Watch for the court filing: 'Local government vs. the State'
VERDE VALLEY -- "I find this bill and the general draconian attitude of the Governor and the Legislature discouraging, disappointing, and unproductive."
Lew Currier, Jerome's Mayor, is referring to SB 1487, a 2016-bill the governor recently signed that has become a powder keg for revolt between the State's Legislature and Governor and cities and towns. The bill would give the state the power to snatch away shared revenues from lowly cities and towns who philosophize differently from the state.
Like plastic bags? That is what started this mess. Bisbee voted to disallow the use of plastic bags in the city for environmental reasons. Flagstaff and others wanted to do the same. The legislature, likely backed by a wealth of plastic bag money, approved legislation to ban the bag ban.
Then the state passed a follow-on bill that would essentially penalize any local government for bucking state law. That is SB 1487.
SB 1487 gives the state the authority, via it's a decision of the attorney general and treasurer to withhold all state-shared revenues from that community and re-distribute it to others.
The issue is not just plastic bags, it is also refusing to permit vacation rentals, whether a town's zoning permits or not. It is approving fireworks, says Clarkdale Mayor Doug Von Gausig, where "the desert is a tinderbox at best."
"You look at the bills to limit the cities and towns' ability to limit bed and breakfasts, 'AirBnBs.' The Governor's very supportive of what he calls 'the sharing economy.' He doesn't like the cities and towns making their own rules about this stuff."
"We see a lot of that stuff with this governor. He seems to feel that the State of Arizona is a much better manager of city and town affairs than the cities and towns and the people of those cities and towns are.
"I don't know where this is going to go, but no place good."
He believes the decision will be made by a high court.
Cottonwood Mayor Diane Joens cites former Governor Jan Brewer when she was in office, "While I can agree that all levels of government must continue to find ways to cut costs, I am becoming increasingly concerned that many bills introduced this session micromanage decisions best made at the local level. What happened to the conservative belief that the most effective, responsible and responsive government is government closest to the people?"
The bottom line is money.
If a legislator requests an investigation and the state attorney general finds a local government's law violates state law, the town has 30 days to correct the violation or the state treasurer is ordered to withhold shared revenues, which in some cases can amount to 40 percent of a town's budget.

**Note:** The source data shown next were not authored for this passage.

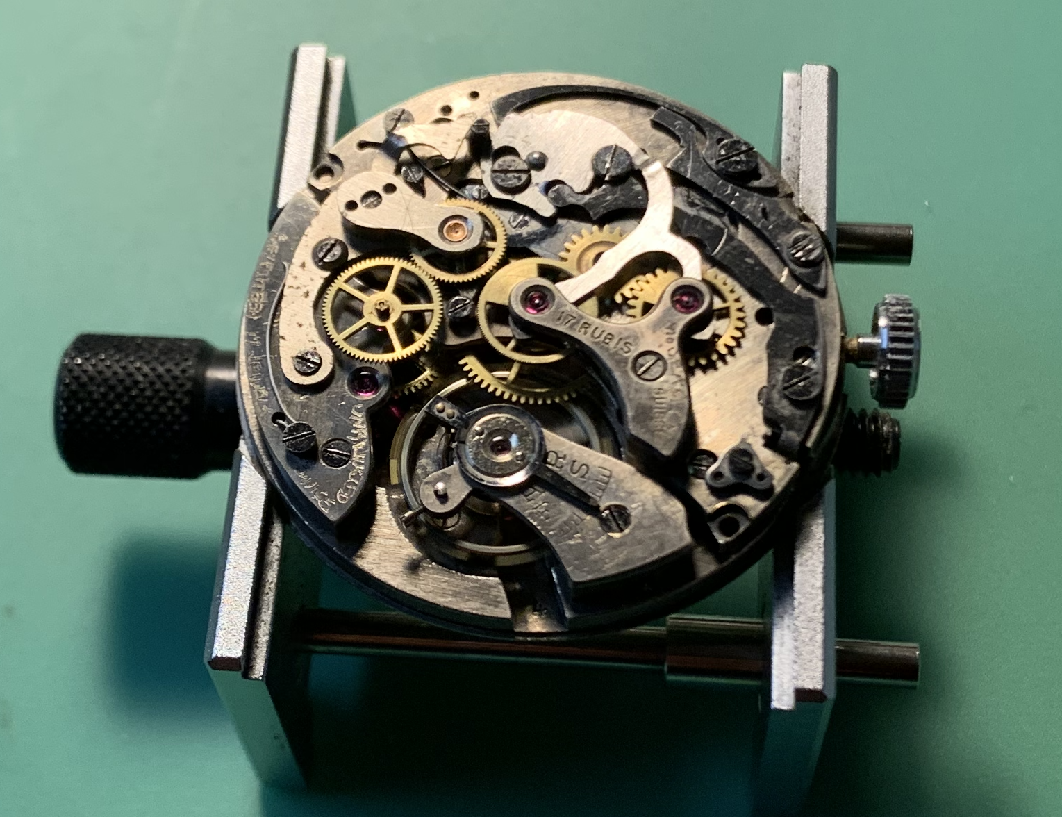 ·So I got the 'Bunny' Landeron 48 chronograph back together. When installing the activating lever I bunged the minute jumper. Also missing the piano wire springs on the flyback lever which may be the one I used for the 'goat' Landeron 48.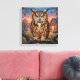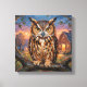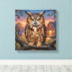 A metal canvas art that features a striking Great Horned Owl, rendered in a rich, thick impasto oil painting style. The vibrant textures and warm sunset backdrop create a cozy, rustic atmosphere that is perfect for nature lovers and art enthusiasts alike.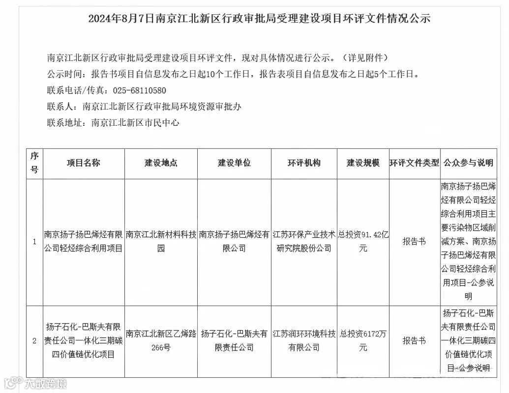 8月7日,南京江北新区行政审批局发布受理南京扬子扬巴烯烃有限公司轻烃综合利用项目和扬子石化-巴斯夫有限责任公司一体化三期碳四价值链优化项目公示:

It allows the attorney general to investigate "any ordinance, regulation, order or other official action' by a community to see if it violates state statutes or the constitution.
A trio of major city mayors argued for the League of Arizona Cities and Towns, "What possible hubris could drive a single legislator to think he or she has more wisdom than the local elected officials who have been chosen by the voters to govern their communities?' the mayors wrote Ducey. "What happened to the principle of 'presumption of innocence' in our legal system?'
Again, Clarkdale Mayor Von Gausig, "An agreement was made years ago to say, the state is the sole entity that may collect income tax. In exchange, it will pay part of that to cities and towns and they would pay part of the sales tax that the state collects to cities and towns."

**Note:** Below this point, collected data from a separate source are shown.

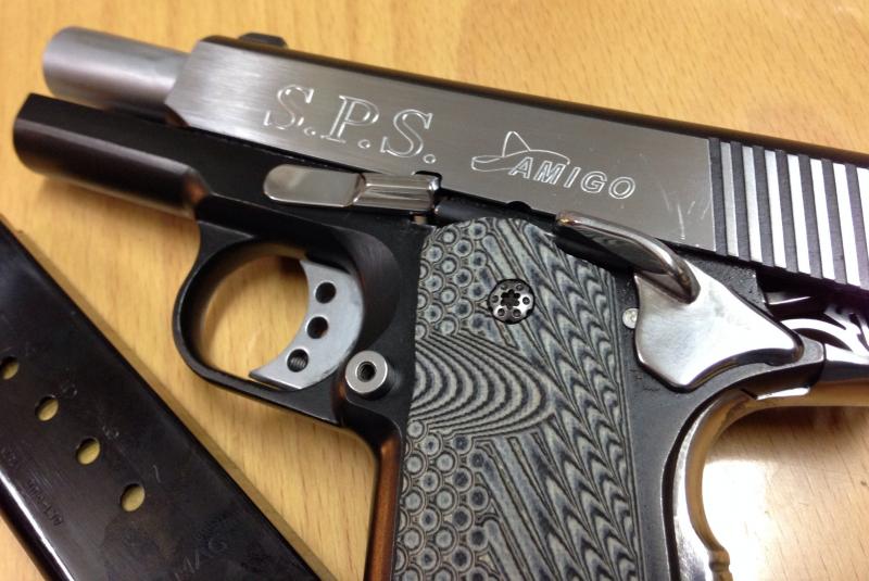 La de abajo es una SPS AMIGO, 45 ACP, 3,5", enteramente de acero inox. Las cachas y sus tornillos son una pasada y tienen un agarre del copon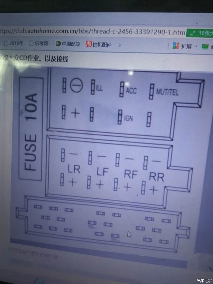 这张图片就可以指导我们正常接线,其实只有四根,我还有一根接大灯的线没接,所以导致开大灯,CD安键没灯光,过几天换喇叭的时候再把那根线接上。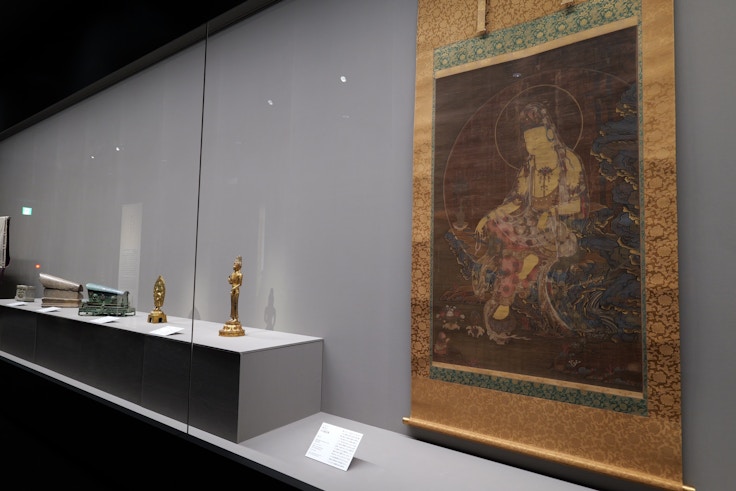 キーワード1「神仏のかたち–光の国から」では、仏教や神道をはじめとする、東アジアの仏教美術の名品の数々を展示。重要文化財の徐九方《水月観音像》(1323、高麗)や、運慶に連なる慶派仏師の手によると思われる《毘沙門天立像》(13世紀、鎌倉時代)などの名品が並ぶ。

"That is a long-standing revenue source that cities and towns have expected for years. Now to have the state decide that it doesn't like something you do, it will punish you by withholding that money is just asking for lawsuits. Its creating an atmosphere of antagonism between the governor's office, the legislature and cities and towns that I think is completely injurious and unnecessary."
Adds Von Gausig, "I wish that the legislature and the governor, would get back to running the state of Arizona which is now 50th in education and all kinds of other things that need to be done. We have neglected our state, we have neglected our infrastructure. We have neglected the state lands department. Since they don't want to work on all these difficult things, they have decided to work on cities and towns."
"They aren't listening to people that are in the trenches doing the work. They aren't listening to anyone because they have this permission from the governor to act in this egregious way."
Once again, Joens cites Local Government 101: "Each local government is as unique as an individual human being. That is why policies that impact local governments must be decided by local elected officials and their citizens."